● PROBLEM STATEMENT: A faithful, picture-free copy of the listing below is required.

● SOURCE MATERIAL:
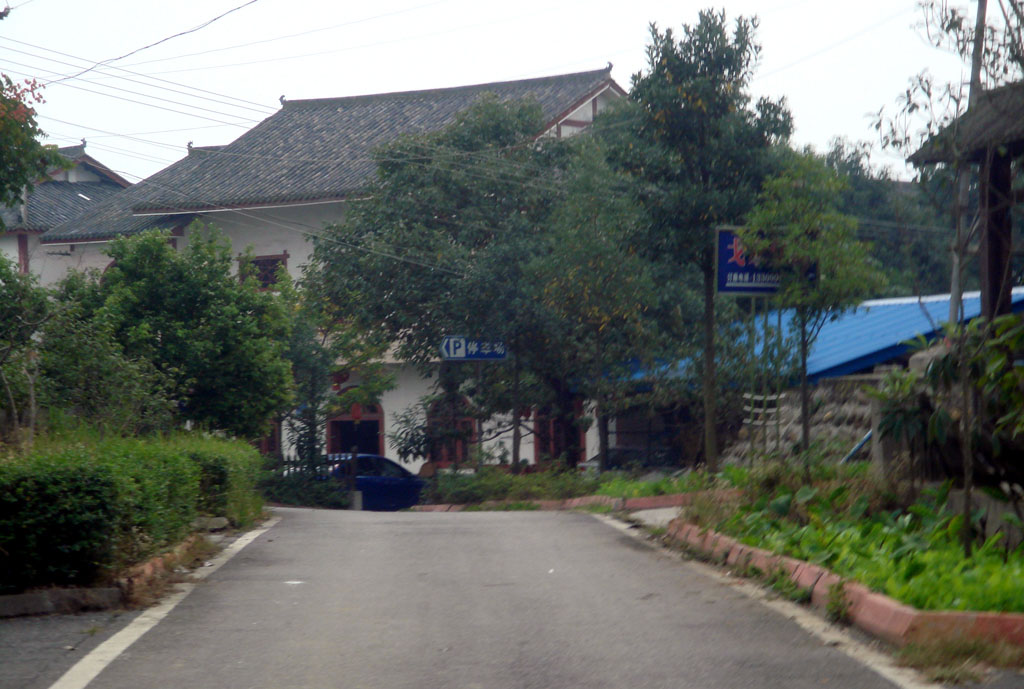 ![]() 堡坎下面的房子(该房子地下室就是关押大法弟子的洗脑班) | ![]() 马路边的指路牌 |
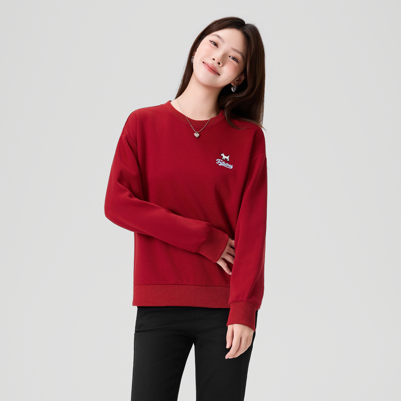 休闲简约落肩袖 宽松圆领时尚 女套头上衣 新款 快鱼卫衣女2025年秋季
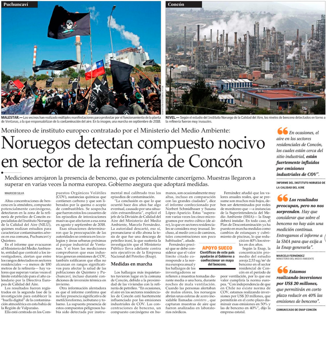 Informe noruego revela emisiones altas de noche en zonas de Concón - (El Mercurio de Valparaíso)
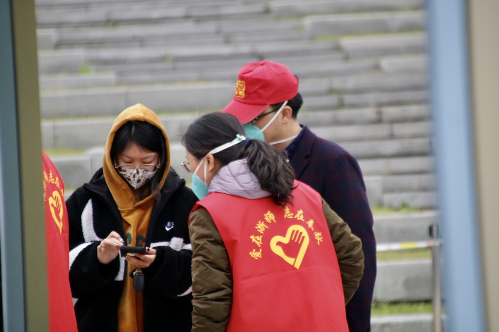 这里是教院师生紧张有序的检测一线
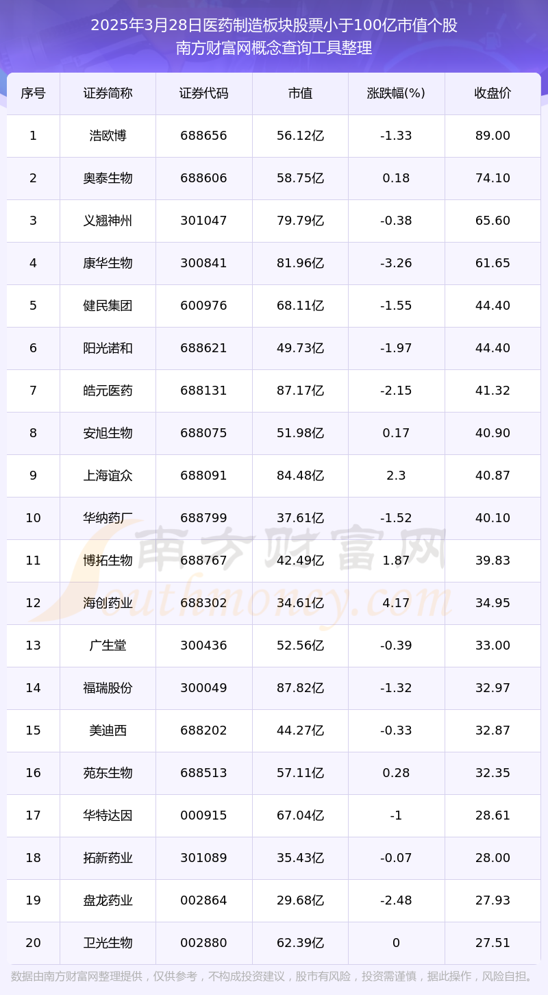 截止2025年3月28日,医药制造板块股票市值小于100亿的个股共有182只。其中,市值较高的有迪安诊断、诺唯赞、众生药业,市值分别为99.25亿元、96.93亿元、95.37亿元。
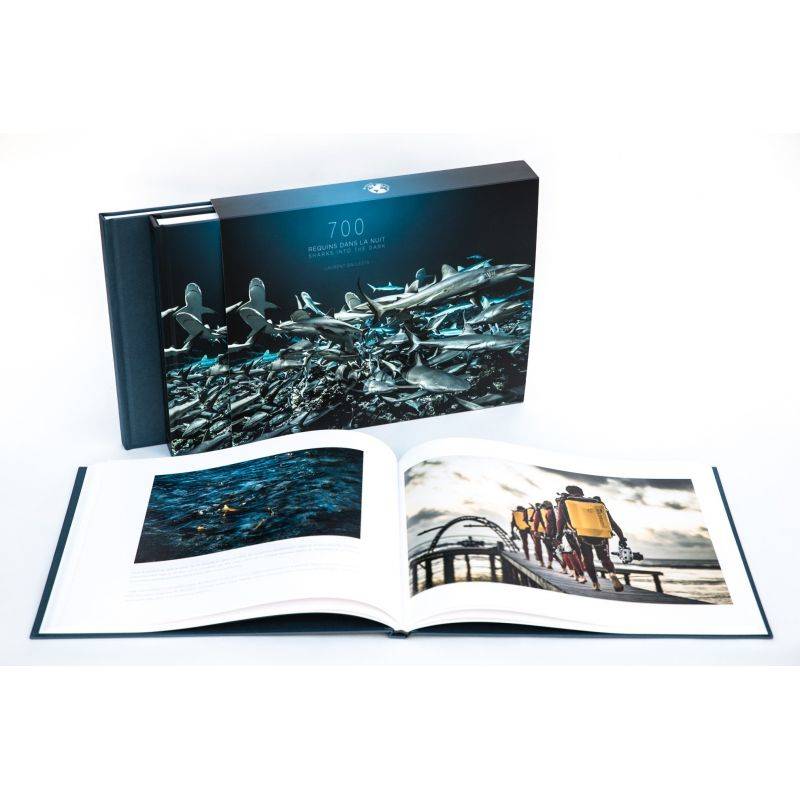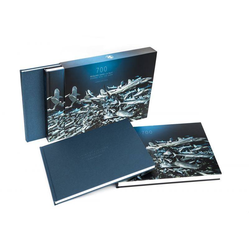 2 books in a slipcase: " 700 " photographic book of 180 pages " Logbook of dives " expedition book of 108 pages Editor's note: They are 700 say the scientists... but for Laurent Ballesta they are everywhere. The sharks block the narrow horizon with the beam of his lights, bump into his cameras, force their way between his fins. In this horde where everyone is determined to survive, the energy of the hungry reigns. When a prey is flushed out a pack forms and the chaos makes sense. Crazy choreographies are organized and end in a rain of scales. To say that they are ruthless would be to smile. They are predators from the depths of time. Four years of photographic work under the sign of the moon were necessary to compose this exceptional collection. It is a long term work for Laurent Ballesta to tame his own fear, to be accepted perhaps, and to finally reach the heart of this pack hidden in Fakarava, a preserved atoll in French Polynesia. The images he brings back from there are breathtaking of life, death, innocence and violence. That such a piece of wilderness can still exist reassures us, frightens us and dazzles us. This prodigy of animal life finally comes out of the shadows. This book reveals that the most dazzling of ballets is repeated endlessly, at the end of the world, at the end of the night and far from the circus of men.
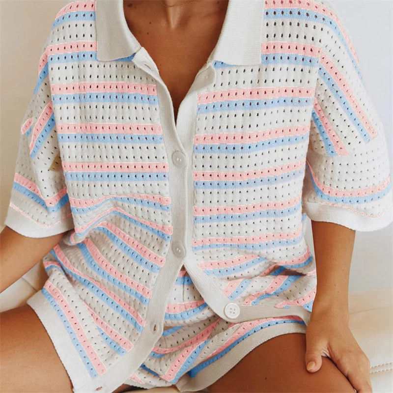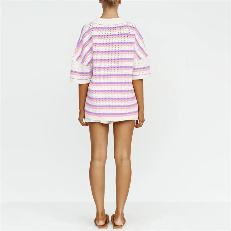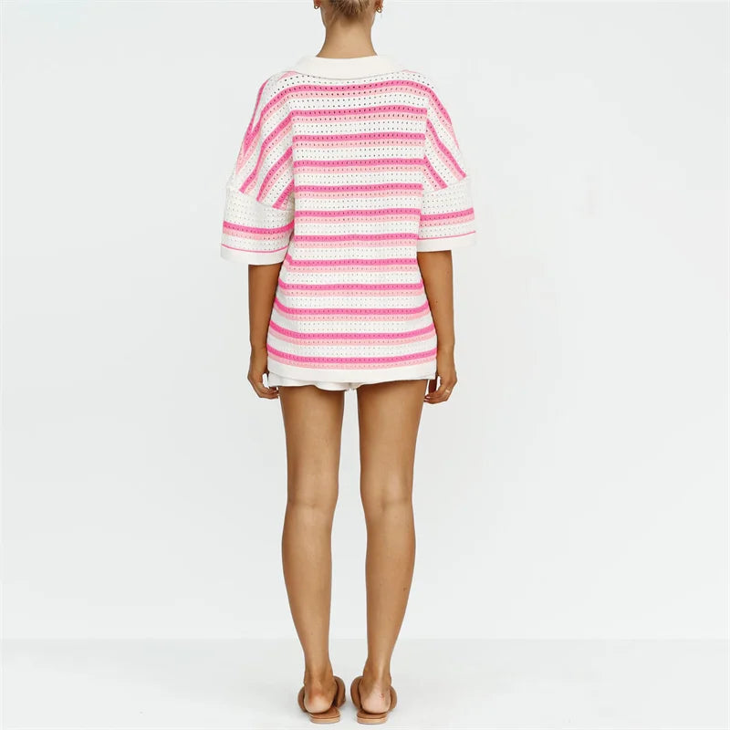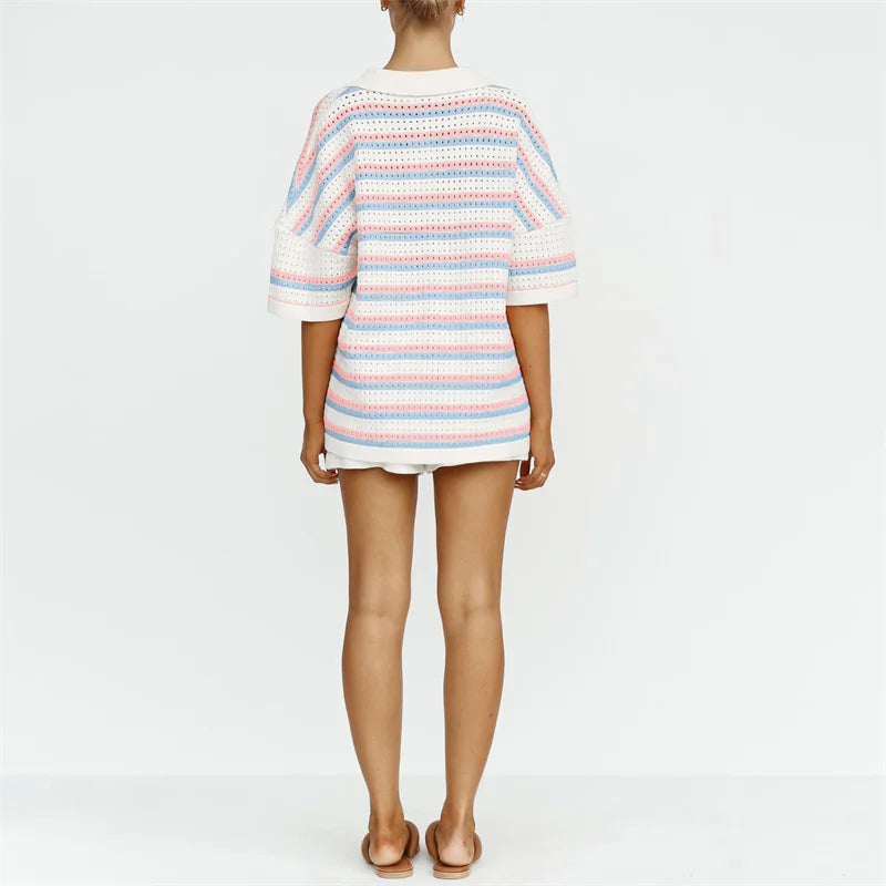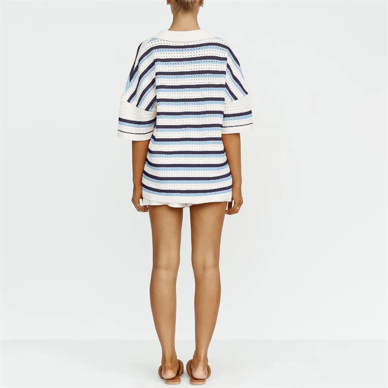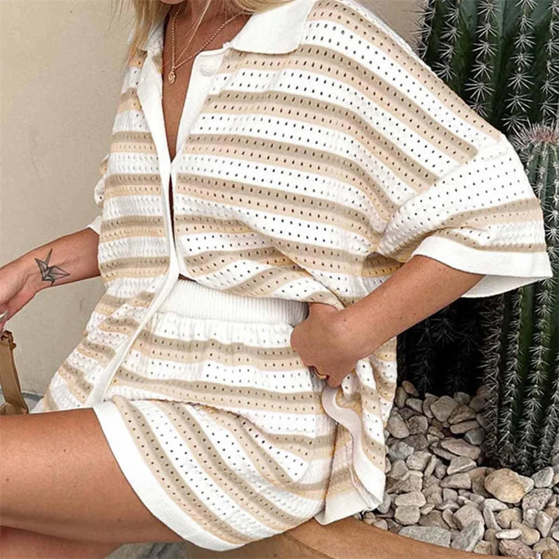 Striped 2-Piece Beach Set – Shirt & Shorts
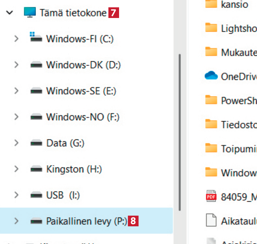 Asema on lisätty Resurssienhallintaan kohtaan Tämä tietokone 7 valitsemallasi kirjaimella 8. Avaa asema napsauttamalla sitä.
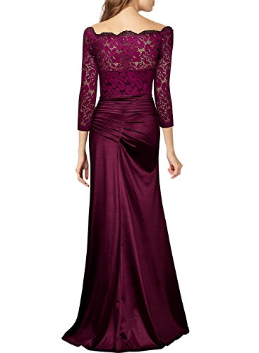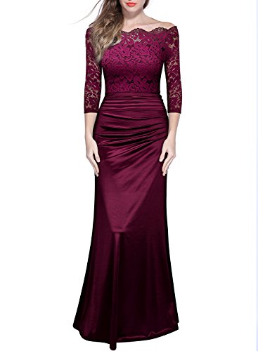 Women's Retro Off Shouler Floral Lace Ruched Bridesmaid Maxi Dress
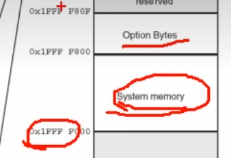 0x1FFF开始的系统存储器和选项字节,是在ROM区的最后面。
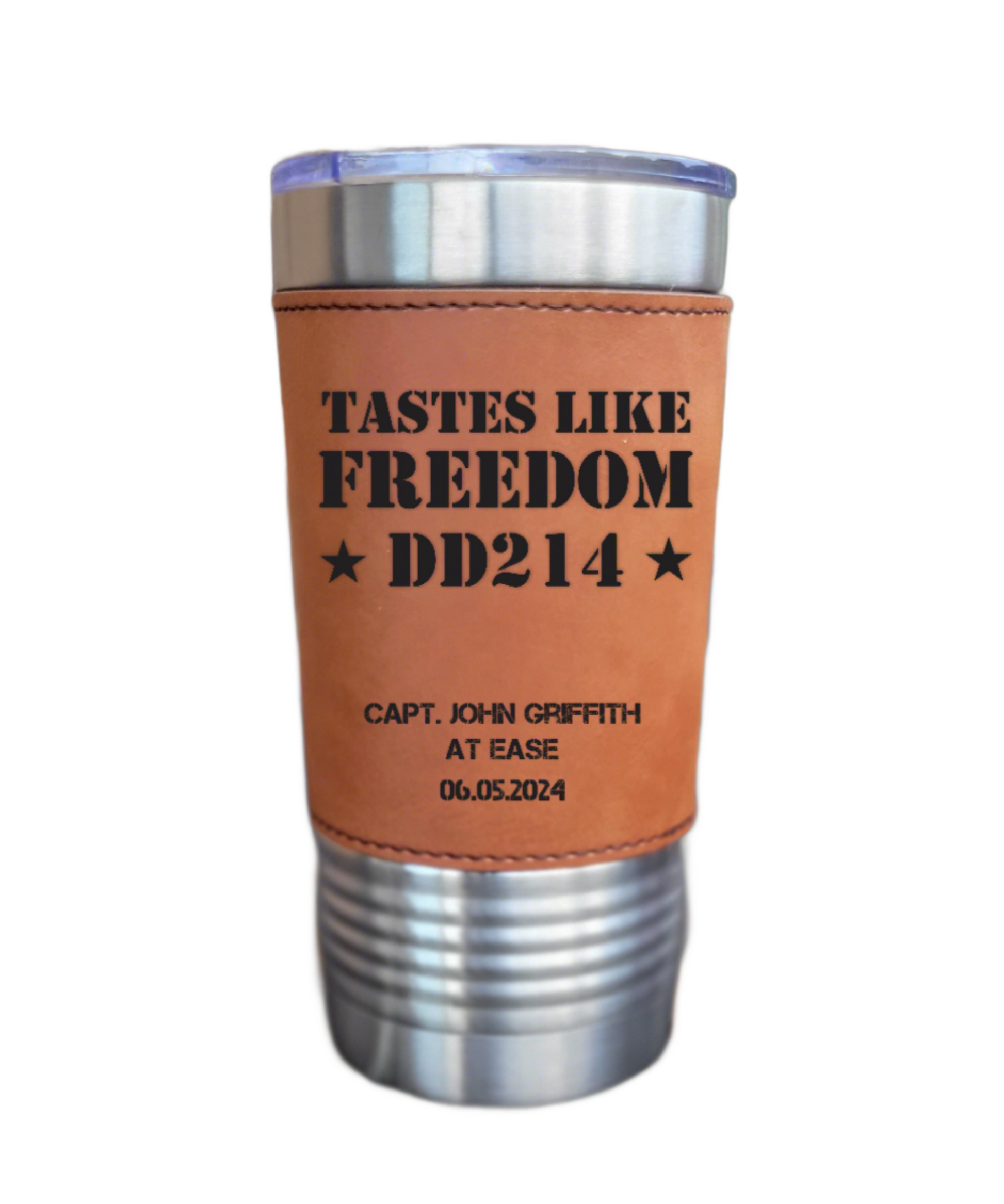 Personalized DD214 Military Retirement Gift - Personalized 20oz Insulated Leatherette Drink Tumblers

● RESULT BELOW:
 ![]() 堡坎下面的房子(该房子地下室就是关押大法弟子的洗脑班) | ![]() 马路边的指路牌 |
 休闲简约落肩袖 宽松圆领时尚 女套头上衣 新款 快鱼卫衣女2025年秋季
 Informe noruego revela emisiones altas de noche en zonas de Concón - (El Mercurio de Valparaíso)
 这里是教院师生紧张有序的检测一线
 截止2025年3月28日,医药制造板块股票市值小于100亿的个股共有182只。其中,市值较高的有迪安诊断、诺唯赞、众生药业,市值分别为99.25亿元、96.93亿元、95.37亿元。
 2 books in a slipcase: " 700 " photographic book of 180 pages " Logbook of dives " expedition book of 108 pages Editor's note: They are 700 say the scientists... but for Laurent Ballesta they are everywhere. The sharks block the narrow horizon with the beam of his lights, bump into his cameras, force their way between his fins. In this horde where everyone is determined to survive, the energy of the hungry reigns. When a prey is flushed out a pack forms and the chaos makes sense. Crazy choreographies are organized and end in a rain of scales. To say that they are ruthless would be to smile. They are predators from the depths of time. Four years of photographic work under the sign of the moon were necessary to compose this exceptional collection. It is a long term work for Laurent Ballesta to tame his own fear, to be accepted perhaps, and to finally reach the heart of this pack hidden in Fakarava, a preserved atoll in French Polynesia. The images he brings back from there are breathtaking of life, death, innocence and violence. That such a piece of wilderness can still exist reassures us, frightens us and dazzles us. This prodigy of animal life finally comes out of the shadows. This book reveals that the most dazzling of ballets is repeated endlessly, at the end of the world, at the end of the night and far from the circus of men.
 Striped 2-Piece Beach Set – Shirt & Shorts
 Asema on lisätty Resurssienhallintaan kohtaan Tämä tietokone 7 valitsemallasi kirjaimella 8. Avaa asema napsauttamalla sitä.
 Women's Retro Off Shouler Floral Lace Ruched Bridesmaid Maxi Dress
 0x1FFF开始的系统存储器和选项字节,是在ROM区的最后面。
 Personalized DD214 Military Retirement Gift - Personalized 20oz Insulated Leatherette Drink Tumblers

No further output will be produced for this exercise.